#### Work item
Although the records contain pictures, only their text should be set down, exactly as written.
Data to process: Begin
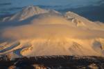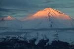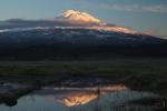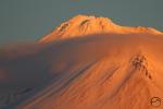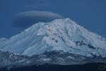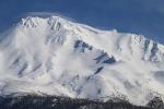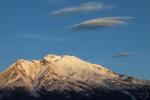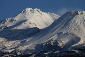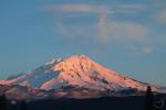 Clear skies and sunrise glow on snowy Mount Shasta.
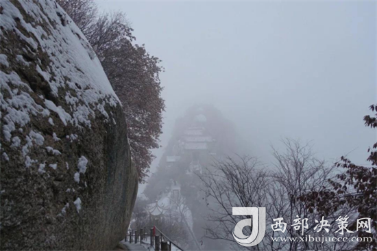 華山下雪后,銀裝素裹,奇景連連,大有電影《雪國列車》里蒼茫的未來感。
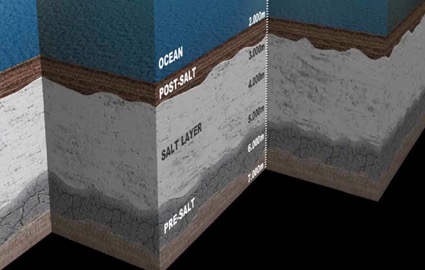 ▲プレソルト層を示す図版。ペトロブラスはブラジル沖で水深7000mまで掘削して石油を採掘している。岩塩層下にあるプレソルト層の油田のためプレソルト油田と言われる。図版はPETROBRAS社資料『PRE-SALT』より。
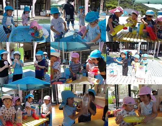 | 9月18日、園庭で栽培していた枝豆を1歳児さんが収穫してくれました。最初は恐る恐る近づく子どもたちでしたが、平気だとわかるとプチプチちぎって採ってくれました。中には気に入ってその後もずっと握ったまま話さない子もいましたよ。給食の先生に柔らかく湯がいてもらい、午睡後のおやつの時間に自分でつぶしてクラッカーにはさんで食べました。2歳児さんからは自分でさやから出して作りました。さやからプッと飛び出るのが面白くてたくさん押し出していました。味もクラッカーのほどよい塩気と合わさり美味しかったようで大好評でした。 |
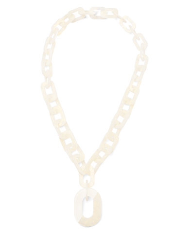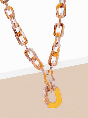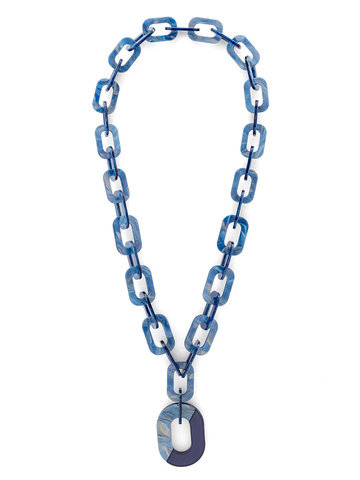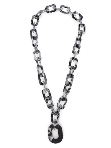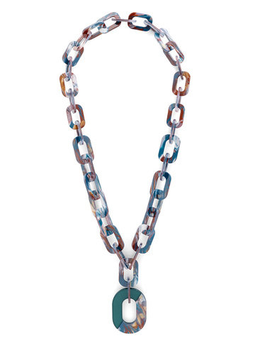 Long link necklace made from resin and embellished with a duotone pendant in a half marble/half solid colorway.
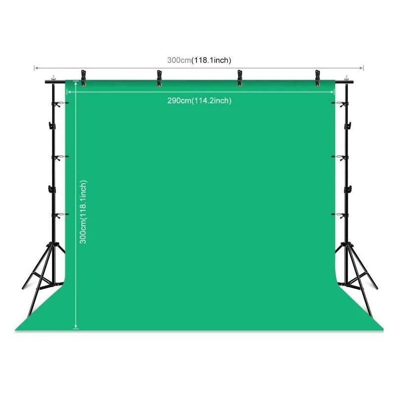 This set includes 3 fabric backdrops in green, red and blue color, so there is something for everyone. The dimensions of the backdrops are 3 x 2.9m, which increases the freedom of use. Depending on your preference, you can use the backdrops for photo shoots, vlog recording, etc.
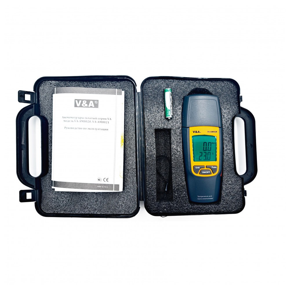Анемометр крыльчатый VA-АМ8020 предназначен для быстрого и четкого измерения скорости воздушного потока и температуры окружающей среды.
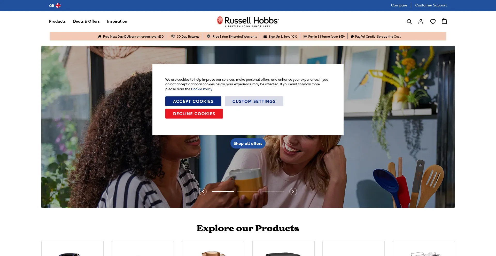 该网站实现符合GDPR或CCPA等隐私法规的cookie同意机制。这表明 uk.russellhobbs.com 遵守数据保护标准并为用户提供对个人数据收集实践的控制。
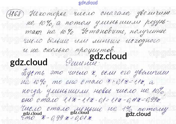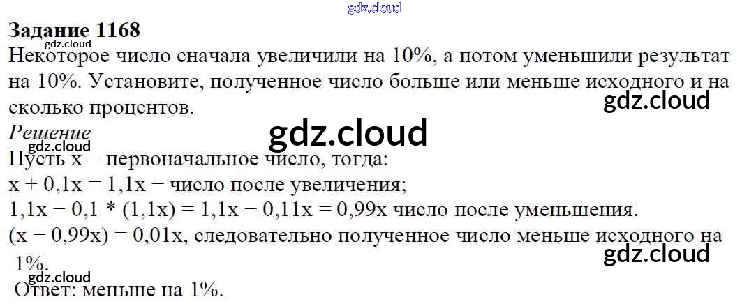 Ответ на задание 1168 Учебник Математика за 6 (шестой) класс Мерзляк, Полонский, Якир Алгоритм успеха 2016
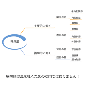 そうそう。以前、twitterやInstagramにアップしてそこそこ反響があった呼気筋のマインドマップを掲載しておきますね。
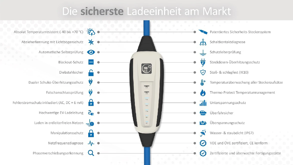 - Weitere Funktionen (z. B. OCPP, photovoltaik-geführtes Laden) über die NRGkick App upgradebar
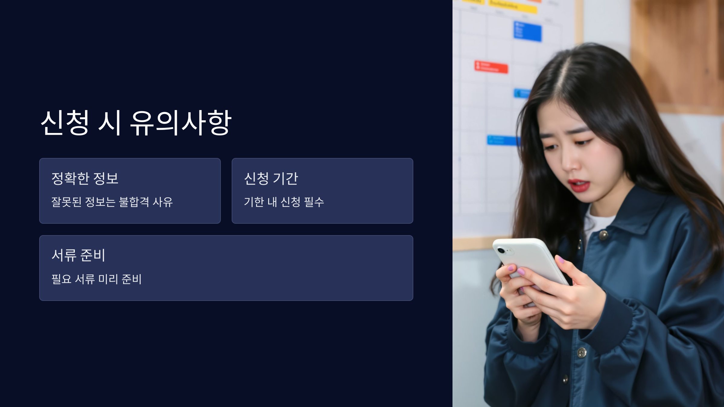 신청 과정에서 주의할 점은 다음과 같습니다:
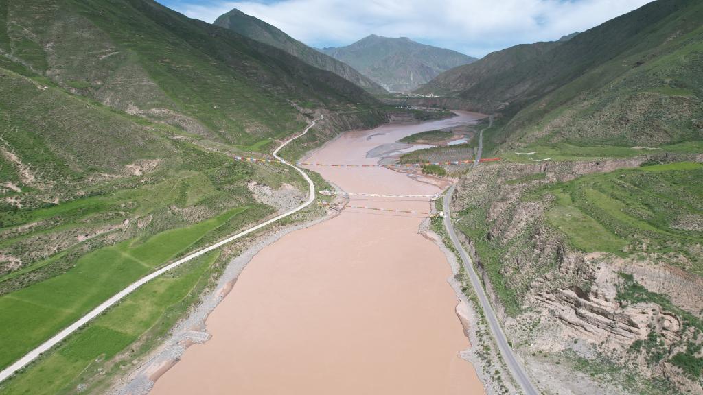这是7月22日拍摄的通天河直门达水文站(无人机照片)。新华社记者刘诗平 摄
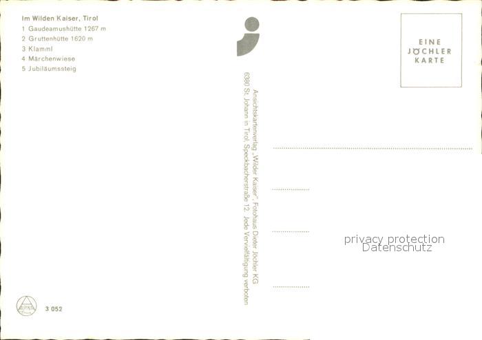 71859851 Wilder Kaiser Gaudeamushuette Gruttenhuette Klamml Maerchenwiese Jubilaeumssteig postalisch nicht gelaufen Erhaltung siehe scans KatCode: 11390332070368
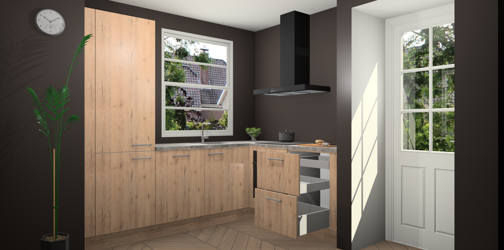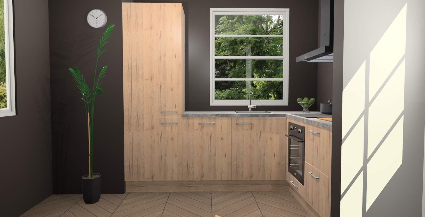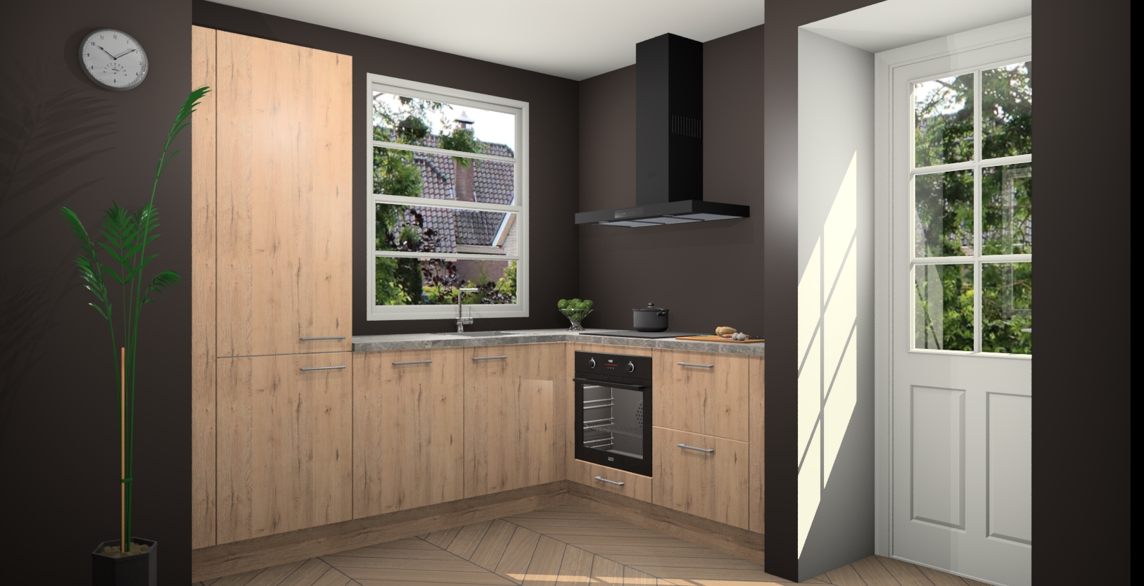 Wilt u een echte aanwinst voor uw keuken, maar bent u op zoek naar iets specialers dan de standaardkeukens? Kies dan voor de Madera Natuur keuken Harbin! Dit prachtige hoekkeukenontwerp geeft u alle ruimte om optimaal te genieten van heerlijk koken. Het uitmuntende afwerkingsniveau, de fraaie houtstructuur en de sfeervolle zwarte grepen maken van de Madera Natuur keuken Harbin de perfecte keuze voor zowel enthousiaste thuiskoks als design-minded interieurliefhebbers.
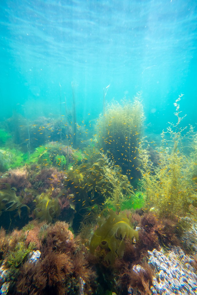 イシダイか黒鯛かどっちかを何匹か見かけるのと、メバルが岩の間にいるのをみかけます。
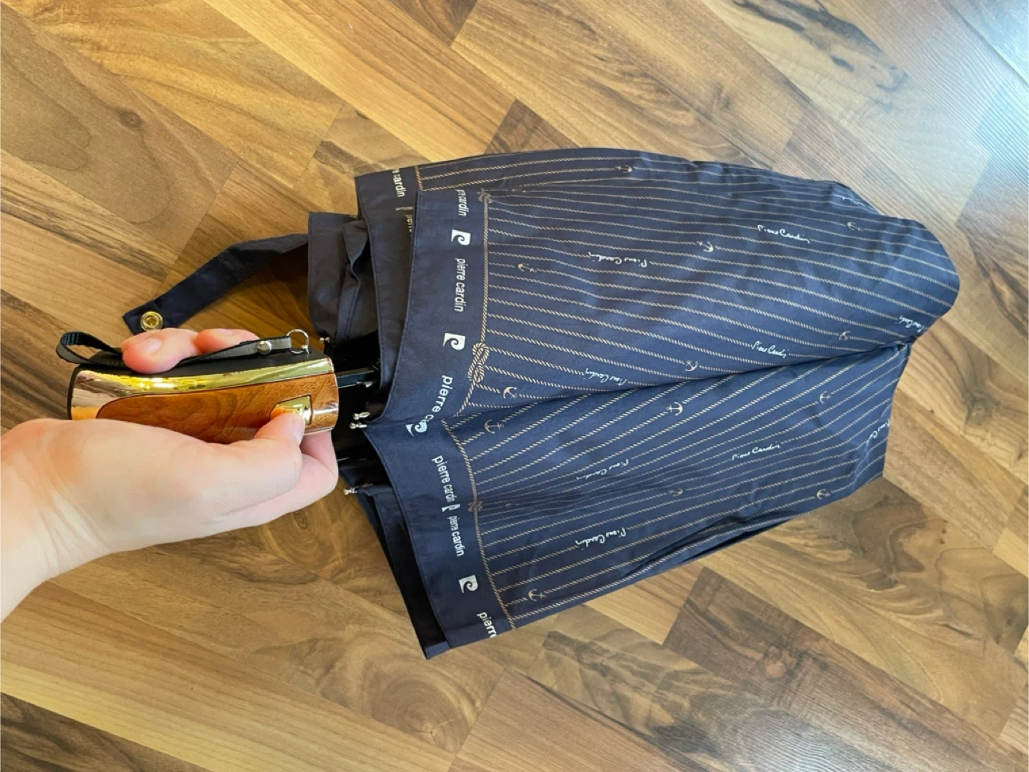This is a navy blue umbrella from Pierre Cardin. It features a pinstripe pattern with small anchor and signature logos. Includes a matching sleeve for storage.
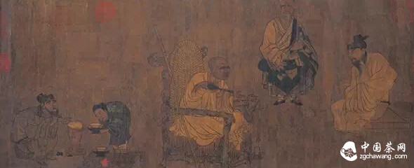 這幅畫(huà)生動(dòng)地描繪了唐代民間斗茶的情景。畫(huà)面上有6個(gè)平民,似乎三人為一組,各自身旁放著(zhù)自己帶來(lái)的茶具、茶爐及茶葉,左邊三人中一人正在爐上煎茶,一卷袖人正持盞提壺將茶湯注入盞中,另一人手提茶壺似在夸耀自己茶葉的優(yōu)異。右邊三人中兩人正在仔細品飲,一赤腳者腰間帶有專(zhuān)門(mén)為盛裝名茶的小茶盒,并且手持茶罐作研茶狀,同時(shí)三人似乎都在注意聽(tīng)取對方的介紹,也準備發(fā)表斗茶高論。整個(gè)畫(huà)面人物刻畫(huà)逼真,再現了唐代某些產(chǎn)區已出現的斗茶情景。
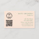A modern minimalist green and pink retro botanical leaves business card design incorporating your details, business logo and your QR Code. This elegant business card is ideal for all types of professions. A simple and professional way to introduce your business. Personalize your details to create your own unique business card. A perfect business card for anyone.
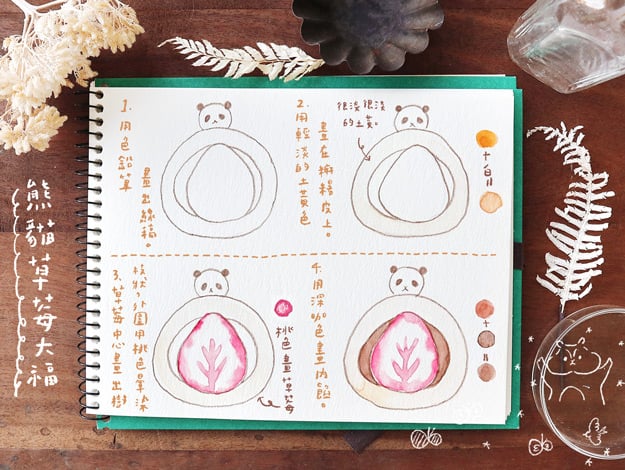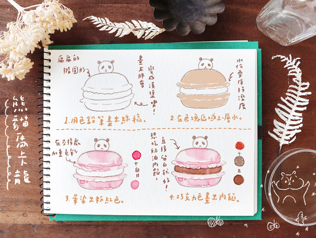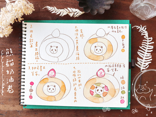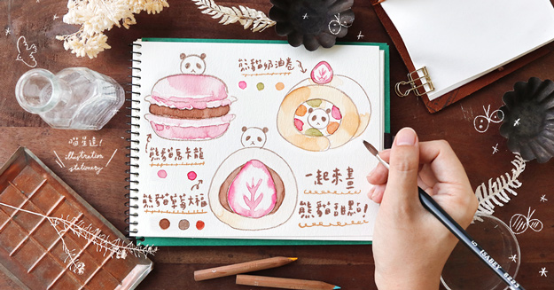今天要帶大家來畫萌萌的熊貓甜點!每次品嘗甜點都有一種幸福感,看著繽紛的甜點不自覺的心情愉悅~試試看用水彩和色鉛筆將這份快樂保留下來,再加上可愛又簡單的熊貓圖案,香甜的熊貓甜點就誕生啦!跟著下面的步驟一起來畫看看~
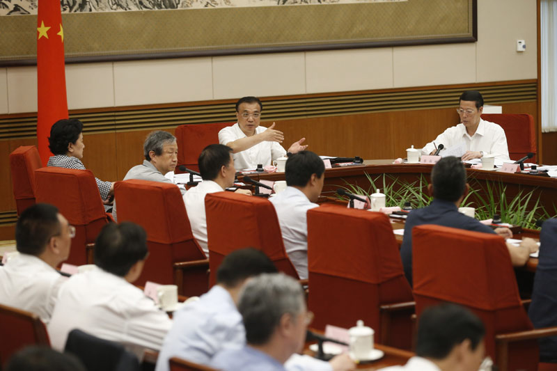 7月11日,中共中央政治局常委、国务院总理李克强主持召开座谈会,就科学研判经济形势、做好经济工作听取专家和企业家的看法建议。
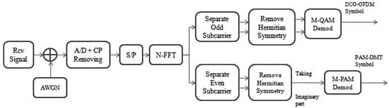On the receiver side, photodetectors convert the incoming optical signal to the electrical domain. The DCO symbols carried by the odd subcarriers are recovered first. After removing Hermitian symmetry, it is demodulated using an M-QAM demodulator. Note that the DCO signal may contain clipping noise, but it can be negligible only by applying an appropriate DC bias. In the same process, PAM-DMT is recovered using an M-PAM demodulator. It can be noted that noise due to clipping in PAM-DMT affects each even subcarrier on its real part. Therefore, it does not have any effect on the signal. Finally, the even parts of imaginary subcarriers are extracted.
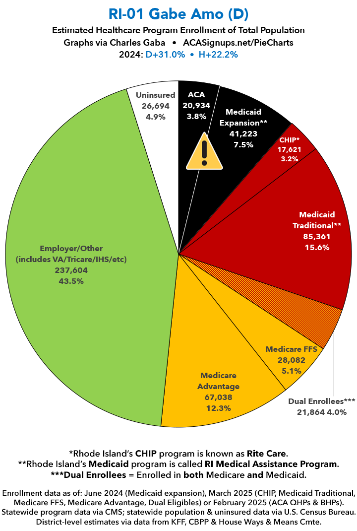 UPDATE 7/16/25: I've updated the web versions of the graphics with the most up-to-date enrollment data I have access to. The black sections w/the ⚠️ symbol are those most at risk of losing healthcare coverage due to H.R. 1, the "One Big Beautiful Bill Act" (aka the #MAGAMurderBill).
Data to process: End
#### Solution for this task
 Clear skies and sunrise glow on snowy Mount Shasta.
 華山下雪后,銀裝素裹,奇景連連,大有電影《雪國列車》里蒼茫的未來感。
 ▲プレソルト層を示す図版。ペトロブラスはブラジル沖で水深7000mまで掘削して石油を採掘している。岩塩層下にあるプレソルト層の油田のためプレソルト油田と言われる。図版はPETROBRAS社資料『PRE-SALT』より。
 | 9月18日、園庭で栽培していた枝豆を1歳児さんが収穫してくれました。最初は恐る恐る近づく子どもたちでしたが、平気だとわかるとプチプチちぎって採ってくれました。中には気に入ってその後もずっと握ったまま話さない子もいましたよ。給食の先生に柔らかく湯がいてもらい、午睡後のおやつの時間に自分でつぶしてクラッカーにはさんで食べました。2歳児さんからは自分でさやから出して作りました。さやからプッと飛び出るのが面白くてたくさん押し出していました。味もクラッカーのほどよい塩気と合わさり美味しかったようで大好評でした。 |
 Long link necklace made from resin and embellished with a duotone pendant in a half marble/half solid colorway.
 This set includes 3 fabric backdrops in green, red and blue color, so there is something for everyone. The dimensions of the backdrops are 3 x 2.9m, which increases the freedom of use. Depending on your preference, you can use the backdrops for photo shoots, vlog recording, etc.
Анемометр крыльчатый VA-АМ8020 предназначен для быстрого и четкого измерения скорости воздушного потока и температуры окружающей среды.
 该网站实现符合GDPR或CCPA等隐私法规的cookie同意机制。这表明 uk.russellhobbs.com 遵守数据保护标准并为用户提供对个人数据收集实践的控制。
 Ответ на задание 1168 Учебник Математика за 6 (шестой) класс Мерзляк, Полонский, Якир Алгоритм успеха 2016
 そうそう。以前、twitterやInstagramにアップしてそこそこ反響があった呼気筋のマインドマップを掲載しておきますね。
 - Weitere Funktionen (z. B. OCPP, photovoltaik-geführtes Laden) über die NRGkick App upgradebar
 신청 과정에서 주의할 점은 다음과 같습니다:
这是7月22日拍摄的通天河直门达水文站(无人机照片)。新华社记者刘诗平 摄
 71859851 Wilder Kaiser Gaudeamushuette Gruttenhuette Klamml Maerchenwiese Jubilaeumssteig postalisch nicht gelaufen Erhaltung siehe scans KatCode: 11390332070368
 Wilt u een echte aanwinst voor uw keuken, maar bent u op zoek naar iets specialers dan de standaardkeukens? Kies dan voor de Madera Natuur keuken Harbin! Dit prachtige hoekkeukenontwerp geeft u alle ruimte om optimaal te genieten van heerlijk koken. Het uitmuntende afwerkingsniveau, de fraaie houtstructuur en de sfeervolle zwarte grepen maken van de Madera Natuur keuken Harbin de perfecte keuze voor zowel enthousiaste thuiskoks als design-minded interieurliefhebbers.
 イシダイか黒鯛かどっちかを何匹か見かけるのと、メバルが岩の間にいるのをみかけます。
This is a navy blue umbrella from Pierre Cardin. It features a pinstripe pattern with small anchor and signature logos. Includes a matching sleeve for storage.
 這幅畫(huà)生動(dòng)地描繪了唐代民間斗茶的情景。畫(huà)面上有6個(gè)平民,似乎三人為一組,各自身旁放著(zhù)自己帶來(lái)的茶具、茶爐及茶葉,左邊三人中一人正在爐上煎茶,一卷袖人正持盞提壺將茶湯注入盞中,另一人手提茶壺似在夸耀自己茶葉的優(yōu)異。右邊三人中兩人正在仔細品飲,一赤腳者腰間帶有專(zhuān)門(mén)為盛裝名茶的小茶盒,并且手持茶罐作研茶狀,同時(shí)三人似乎都在注意聽(tīng)取對方的介紹,也準備發(fā)表斗茶高論。整個(gè)畫(huà)面人物刻畫(huà)逼真,再現了唐代某些產(chǎn)區已出現的斗茶情景。
A modern minimalist green and pink retro botanical leaves business card design incorporating your details, business logo and your QR Code. This elegant business card is ideal for all types of professions. A simple and professional way to introduce your business. Personalize your details to create your own unique business card. A perfect business card for anyone.
今天要帶大家來畫萌萌的熊貓甜點!每次品嘗甜點都有一種幸福感,看著繽紛的甜點不自覺的心情愉悅~試試看用水彩和色鉛筆將這份快樂保留下來,再加上可愛又簡單的熊貓圖案,香甜的熊貓甜點就誕生啦!跟著下面的步驟一起來畫看看~
 7月11日,中共中央政治局常委、国务院总理李克强主持召开座谈会,就科学研判经济形势、做好经济工作听取专家和企业家的看法建议。
On the receiver side, photodetectors convert the incoming optical signal to the electrical domain. The DCO symbols carried by the odd subcarriers are recovered first. After removing Hermitian symmetry, it is demodulated using an M-QAM demodulator. Note that the DCO signal may contain clipping noise, but it can be negligible only by applying an appropriate DC bias. In the same process, PAM-DMT is recovered using an M-PAM demodulator. It can be noted that noise due to clipping in PAM-DMT affects each even subcarrier on its real part. Therefore, it does not have any effect on the signal. Finally, the even parts of imaginary subcarriers are extracted.
 UPDATE 7/16/25: I've updated the web versions of the graphics with the most up-to-date enrollment data I have access to. The black sections w/the ⚠️ symbol are those most at risk of losing healthcare coverage due to H.R. 1, the "One Big Beautiful Bill Act" (aka the #MAGAMurderBill).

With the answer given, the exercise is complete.